I’m 16 weeks pregnant. Not my first so I guess I’m a bit less anxious than I might otherwise be. I don’t mind going to scans alone (wouldn’t be my preference but it’s not that bad- appreciate I might have felt differently if it was my first). I can understand why people are holding off, but in my case I’m nearly 40 so waiting much longer wouldn’t have been an option for us. Or not an option I’d have wanted to take anyway.
We have not too long had our third dc and were debating on having one more. I wanted to have a small age gap if we did because of my age mainly and because I wouldn't want our older two dc to be constrained by much younger siblings. This would mean ttc soon. I think for us cv has made that decision for us as I would not chose to be pregnant now if i'm honest. This will mean no more dc for us I imagine now which does make me sad but I'm incredibly fortunate and grareful for the dc we have.

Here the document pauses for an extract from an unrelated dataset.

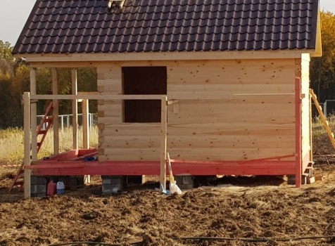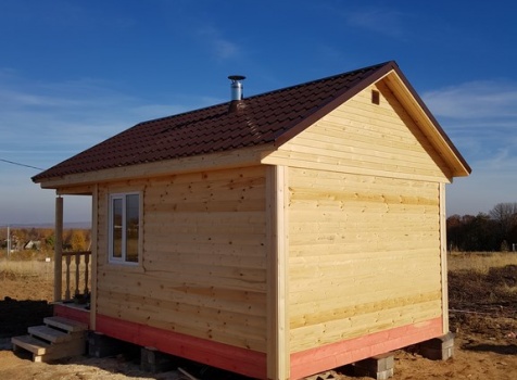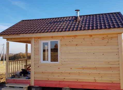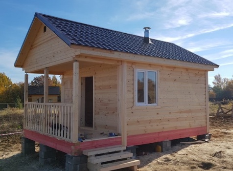 Одноэтажная баня, общими размерами 6.0*4.0 (4.5*4.0 из профилированного бруса 150*150 и 4.0*1.5 открытая терраса под общей двухскатной крышей).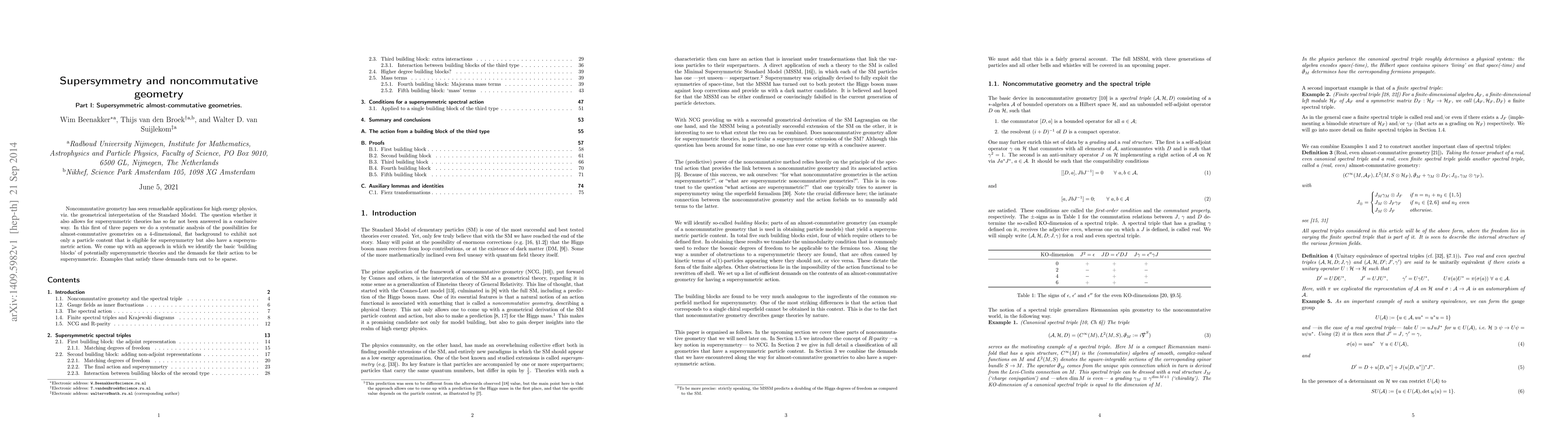 Noncommutative geometry has seen remarkable applications for high energy physics, viz. the geometrical interpretation of the Standard Model. The question whether it also allows for supersymmetric theories has so far not been answered in a conclusive way. In this first of three papers we do a systematic analysis of the possibilities for almost-commutative geometries on a 4-dimensional, flat background to exhibit not only a particle content that is eligible for supersymmetry but also have a supersymmetric action. We come up with an approach in which we identify the basic 'building blocks' of potentially supersymmetric theories and the demands for their action to be supersymmetric. Examples that satisfy these demands turn out to be sparse.

However as others have said, it really depends on your situation...how old you are and whether you would mind risking a much larger age gap than you'd hoped for etc. If I was older and it was my first dc for example, I would probably go ahead.
We had been discussing trying for a 3rd and had pretty much decided to go for it but have shelved it for now.
I'm nearly 37 and I don't want a baby past 40 so, given we don't know how long this will last or how quickly we will concieve, then there is a good chance that it just won't happen.
I was thinking of TTC number 2 at the end of the year having given birth in November but I just don't see it happening now. I wanted a smallish age gap but I just don't think I could do it with all the uncertainty. Have agreed to wait until a vaccine is developed!
Currently ttc our first
Won’t be stopping! It could take ages to get pregnant - I’d be so annoyed at myself if I put it off a year or 2 and then struggled - I’d be always wondering what if I’d started earlier!
Also now is a good time as husband and I are home together and have plenty of free time to try 😂😂
We already live in a different country to our families so they aren’t relied on for help/childcare anyway!
Obviously be a bit crap if husband can’t come to scans - but not the biggest deal!
Other than that I’ve not got much concerns?
I’ll be working from home for the foreseeable anyway - no commute, can stay safe at home for most of not all of the pregnancy!
My whole year of plans has already been taken from me already (holidays, music festivals, trip home to family for a week etc) so being pregnant would be amazing and make up for such a shite year that we’ve had so far!
I’m 25 weeks with my second. If it was my first I would be feeling a lot more anxious. At least I know what is likely to happen. It’s not ideal but I’m 39 so couldn’t have waited more than a year. Coronavirus has wrecked all plans for this year so being pregnant isn’t such a bad idea.
Glad to read I’m not the only one affected by this. Feeling really anxious about having to wait until I’m potentially 35 odd before even getting to start TTC.